## Required action
From the entries below, reproduce exactly the lines from the one with "Luxury Jewellery Set⠀" through the one with "M ゴルフウェア adidas", both included, without images.

··· Given data ···

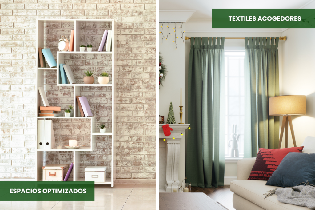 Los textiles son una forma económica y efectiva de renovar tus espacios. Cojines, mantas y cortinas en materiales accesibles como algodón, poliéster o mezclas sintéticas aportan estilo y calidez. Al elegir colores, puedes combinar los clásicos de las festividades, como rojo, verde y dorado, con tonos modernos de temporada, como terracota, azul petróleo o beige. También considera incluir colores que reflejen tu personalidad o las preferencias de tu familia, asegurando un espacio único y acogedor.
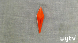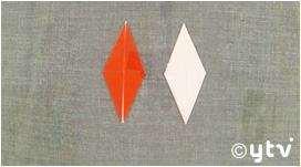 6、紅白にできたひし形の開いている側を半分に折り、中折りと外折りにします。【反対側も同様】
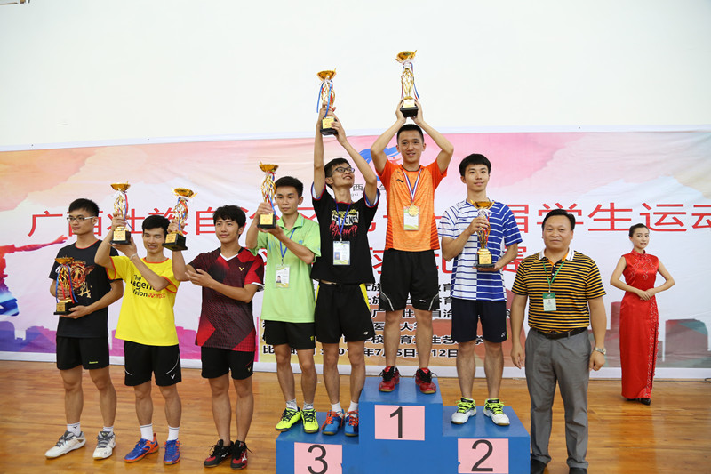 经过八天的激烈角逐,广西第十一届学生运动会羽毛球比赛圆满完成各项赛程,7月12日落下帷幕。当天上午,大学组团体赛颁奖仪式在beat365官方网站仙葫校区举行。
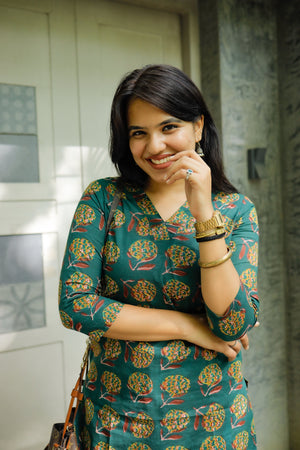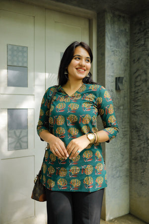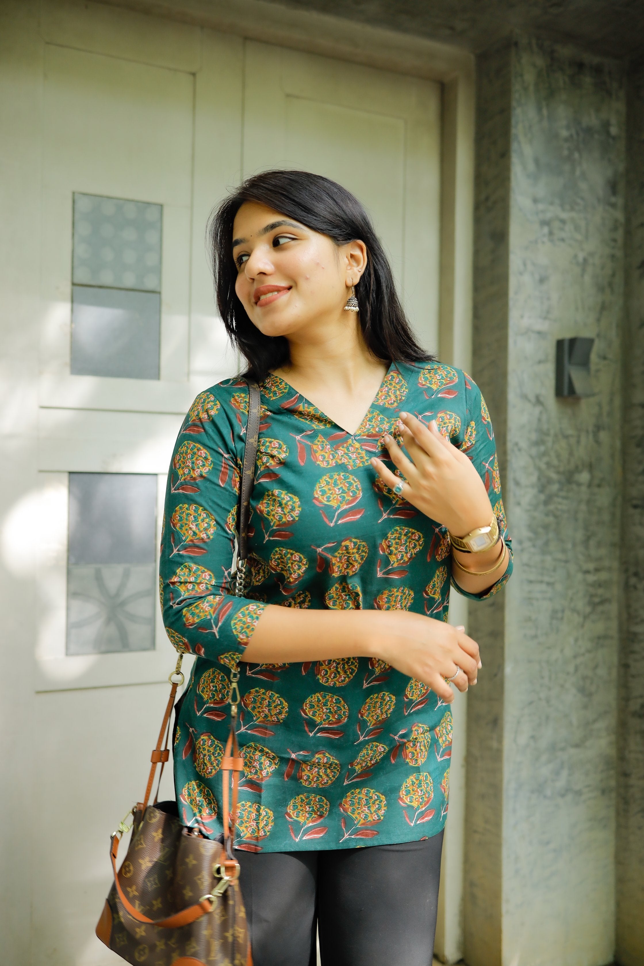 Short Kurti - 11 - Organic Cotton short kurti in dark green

···
··· Given data ···

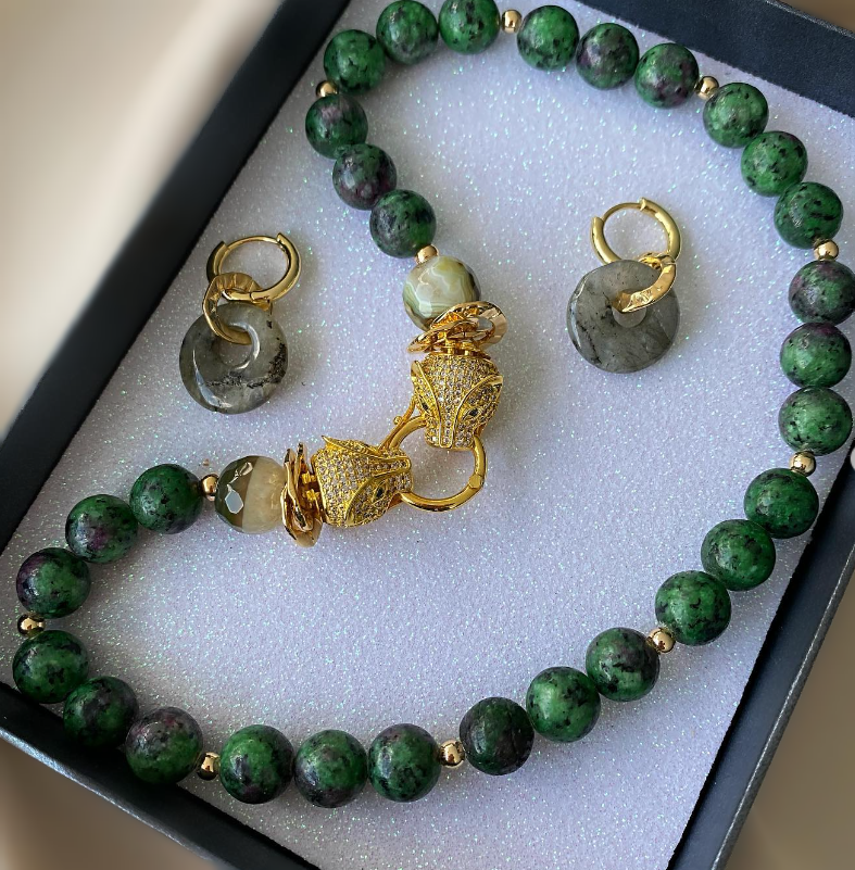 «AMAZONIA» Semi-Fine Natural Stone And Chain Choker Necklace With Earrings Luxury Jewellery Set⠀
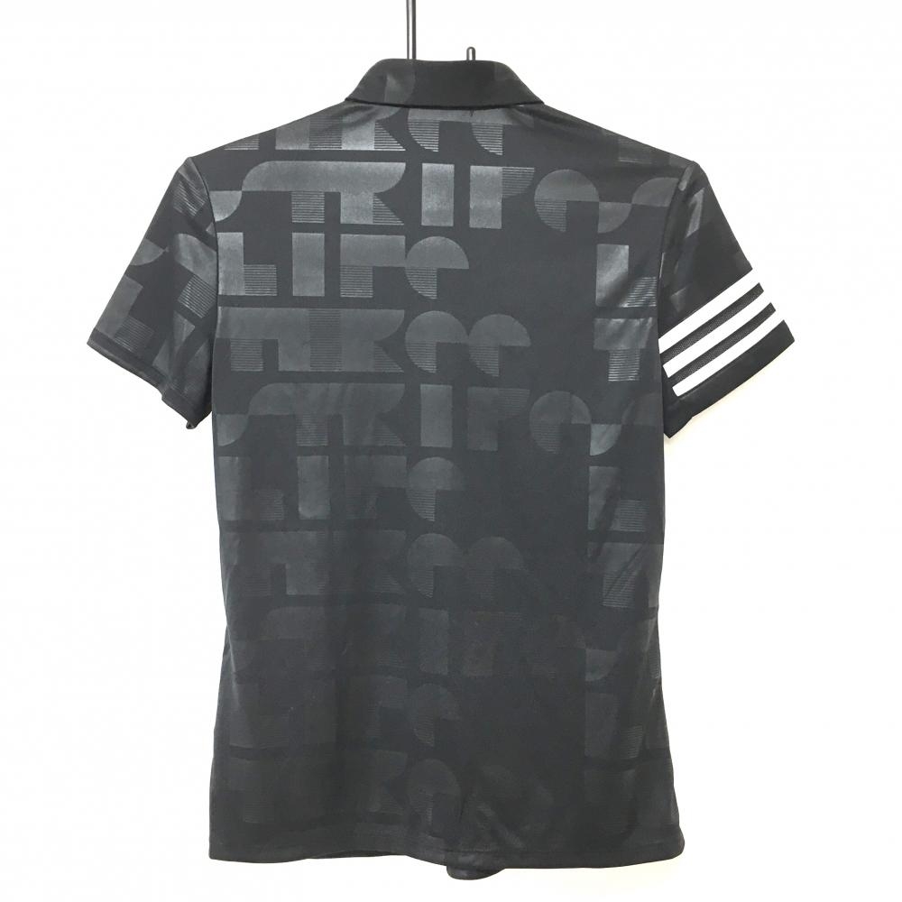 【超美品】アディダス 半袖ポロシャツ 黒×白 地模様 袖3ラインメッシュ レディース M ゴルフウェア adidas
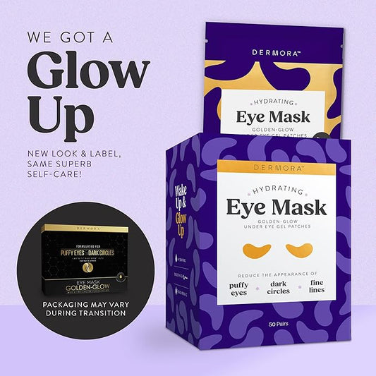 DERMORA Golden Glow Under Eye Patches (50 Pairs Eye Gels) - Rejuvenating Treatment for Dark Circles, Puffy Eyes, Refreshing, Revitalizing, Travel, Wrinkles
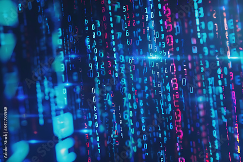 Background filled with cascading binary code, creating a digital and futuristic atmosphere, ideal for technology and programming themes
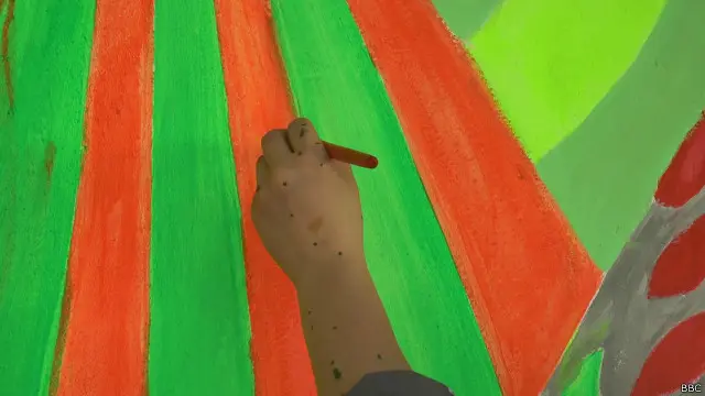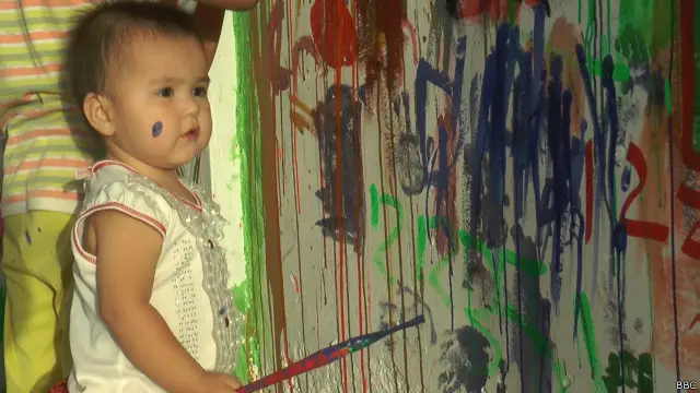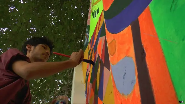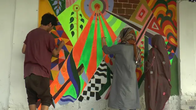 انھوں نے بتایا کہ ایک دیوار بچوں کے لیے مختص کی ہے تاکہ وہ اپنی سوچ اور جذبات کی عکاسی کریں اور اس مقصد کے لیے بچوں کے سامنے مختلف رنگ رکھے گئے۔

···
··· Given data ···

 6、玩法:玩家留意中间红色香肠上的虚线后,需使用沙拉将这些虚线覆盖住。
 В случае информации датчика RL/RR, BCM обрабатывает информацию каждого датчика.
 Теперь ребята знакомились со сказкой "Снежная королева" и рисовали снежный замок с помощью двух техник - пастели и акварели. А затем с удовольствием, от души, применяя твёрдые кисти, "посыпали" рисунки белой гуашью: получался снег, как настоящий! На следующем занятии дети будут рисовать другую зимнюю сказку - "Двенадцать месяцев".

···

## Your solution
 «AMAZONIA» Semi-Fine Natural Stone And Chain Choker Necklace With Earrings Luxury Jewellery Set⠀
 【超美品】アディダス 半袖ポロシャツ 黒×白 地模様 袖3ラインメッシュ レディース M ゴルフウェア adidas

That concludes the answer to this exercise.